PROBLEM DETAILS: The required output is the lines from the one with "2位には【吉宗・779番台】" through the end of the data, repeated verbatim, with no pictures included.

SOURCE DATA:
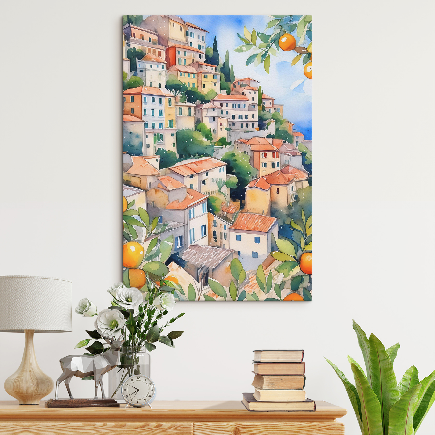 Jetez un coup d’œil à cette charmante impression sur toile intitulée “Village coloré à flanc de colline et verdure”. C’est comme un petit coin de paradis sur votre mur. Il suffit de regarder ces toits colorés nichés au milieu d’arbres verdoyants pour sentir le soleil méditerranéen vous réchauffer le visage. Parfaite pour votre salon ou votre bureau, cette pièce apporte une touche de couleur et une touche d’exotisme à laquelle il est difficile de résister. Imaginez votre stress quotidien s’évanouir en contemplant cette scène de village sereine, rêvant d’après-midi paresseux et d’oranges fraîches. Vous avez un endroit qui a besoin d’un peu de réconfort ? Cette impression est faite pour vous !
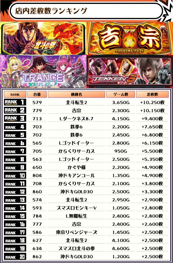 2位には【吉宗・779番台】の+10,150枚、3位には【Lダークネス8.7・713番台】の9,400枚がランクインっ🏆🏆🏆🏆
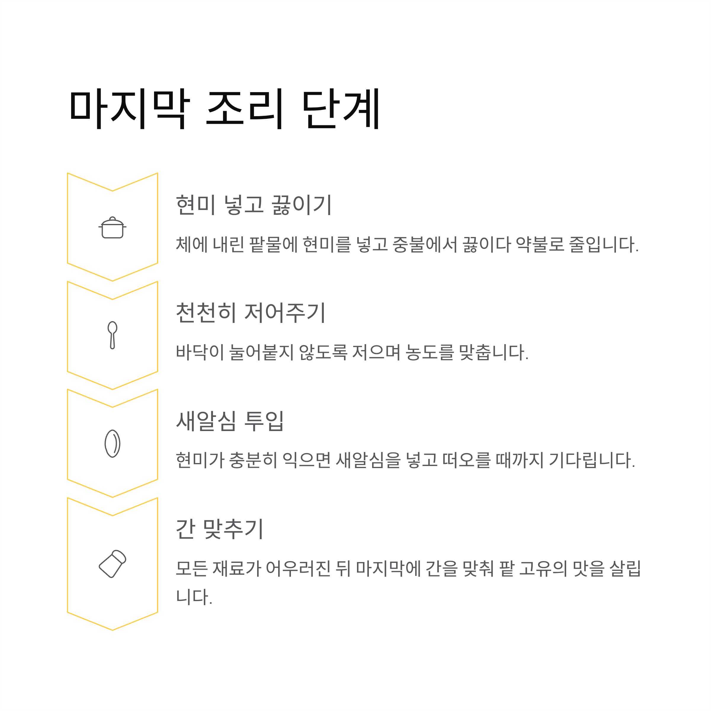 현미는 조리 전 충분히 불려두는 것이 좋아요. 최소 몇 시간 정도 물에 담가 두면 팥죽에 넣었을 때 익는 속도가 일정해집니다. 팥죽 국물에 현미를 넣고 함께 끓이면 팥의 고소함이 자연스럽게 배어들어 전체 맛이 안정적으로 어우러집니다.
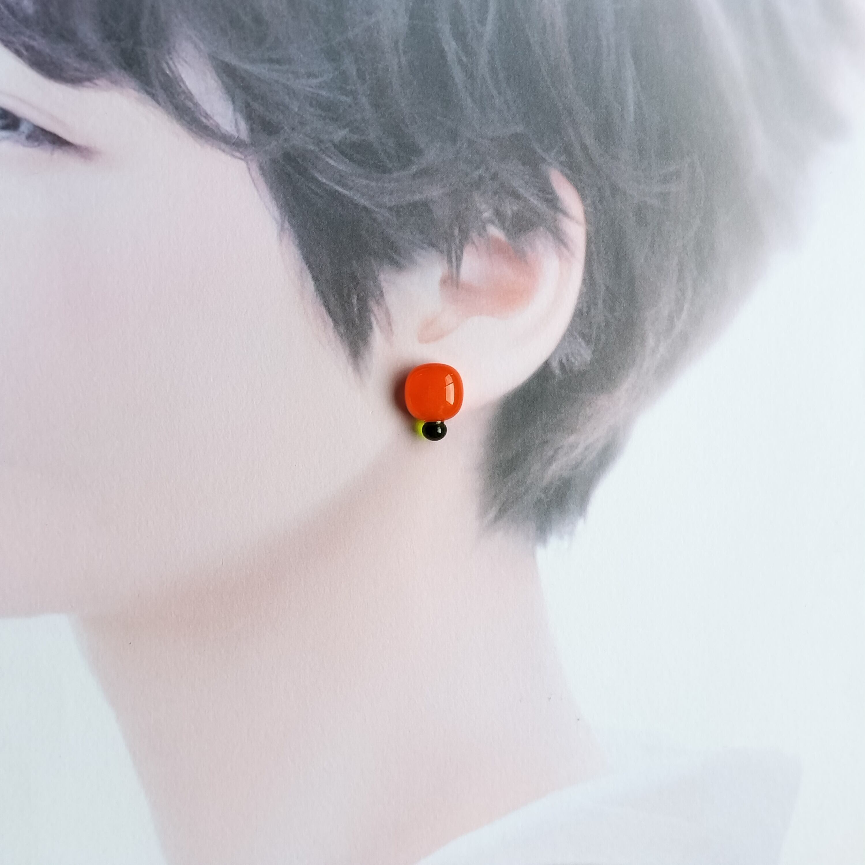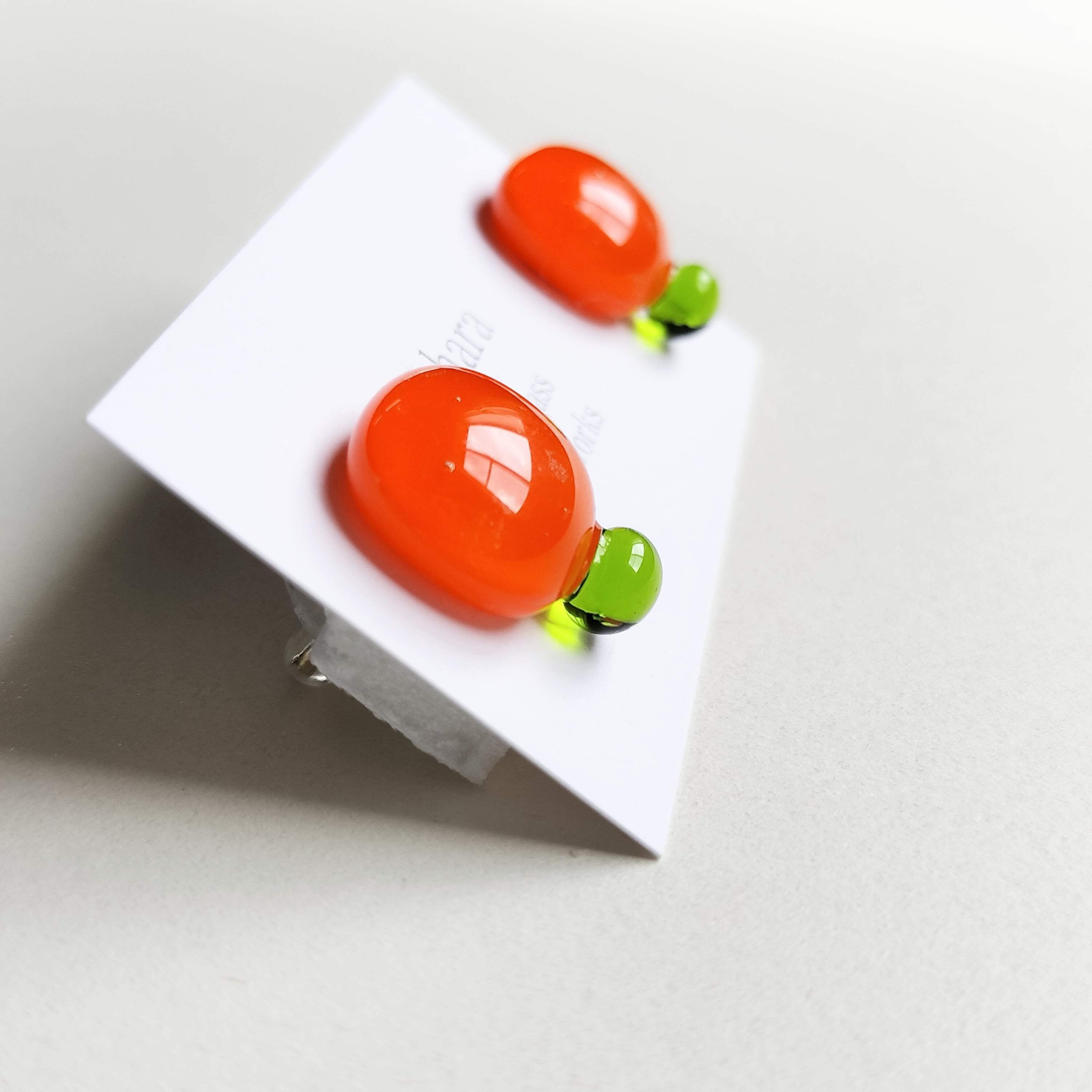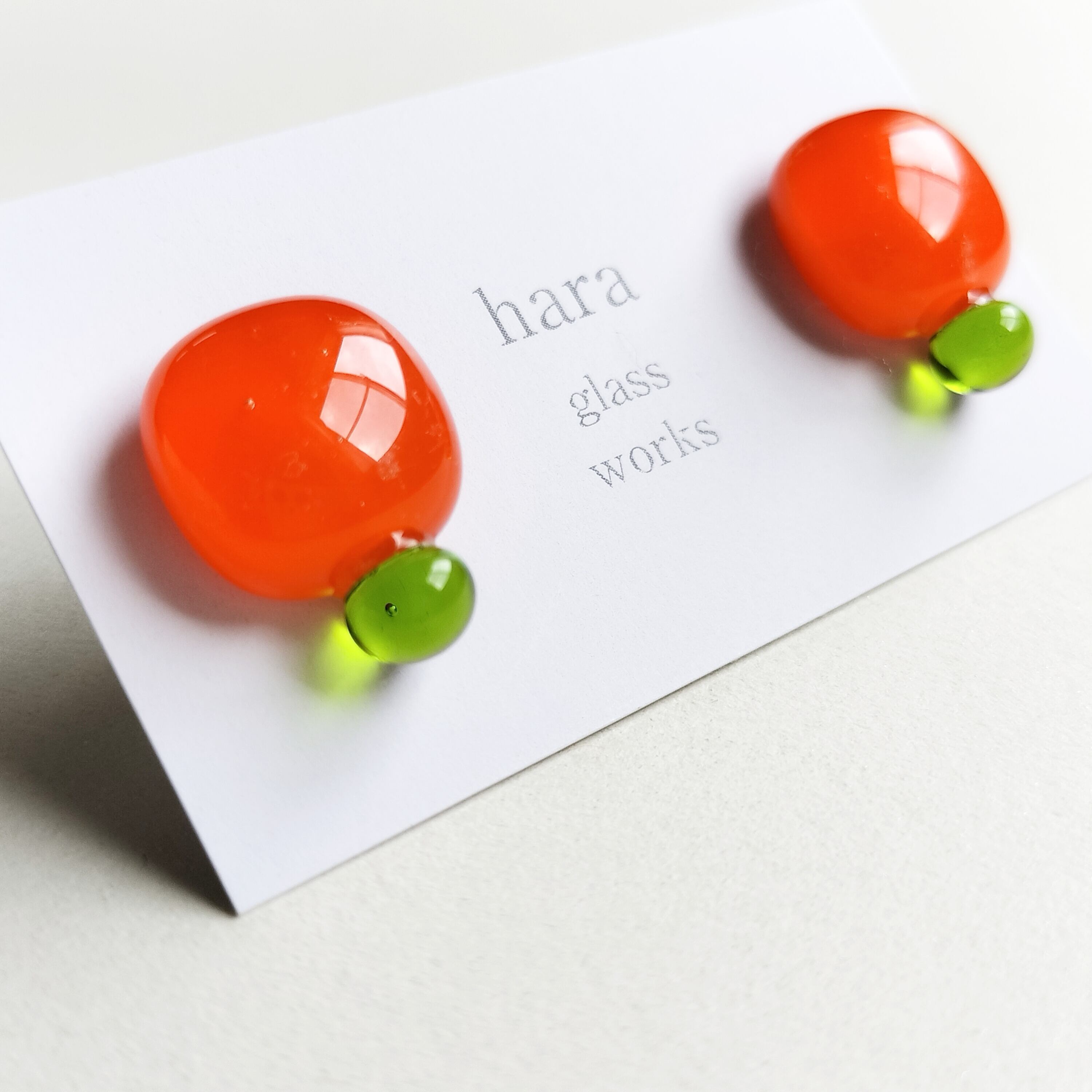 ガラスの2粒ピアス オレンジ&透明グリーン アレルギー対応ピアス

EXERCISE RESULT:
 2位には【吉宗・779番台】の+10,150枚、3位には【Lダークネス8.7・713番台】の9,400枚がランクインっ🏆🏆🏆🏆
 현미는 조리 전 충분히 불려두는 것이 좋아요. 최소 몇 시간 정도 물에 담가 두면 팥죽에 넣었을 때 익는 속도가 일정해집니다. 팥죽 국물에 현미를 넣고 함께 끓이면 팥의 고소함이 자연스럽게 배어들어 전체 맛이 안정적으로 어우러집니다.
 ガラスの2粒ピアス オレンジ&透明グリーン アレルギー対応ピアス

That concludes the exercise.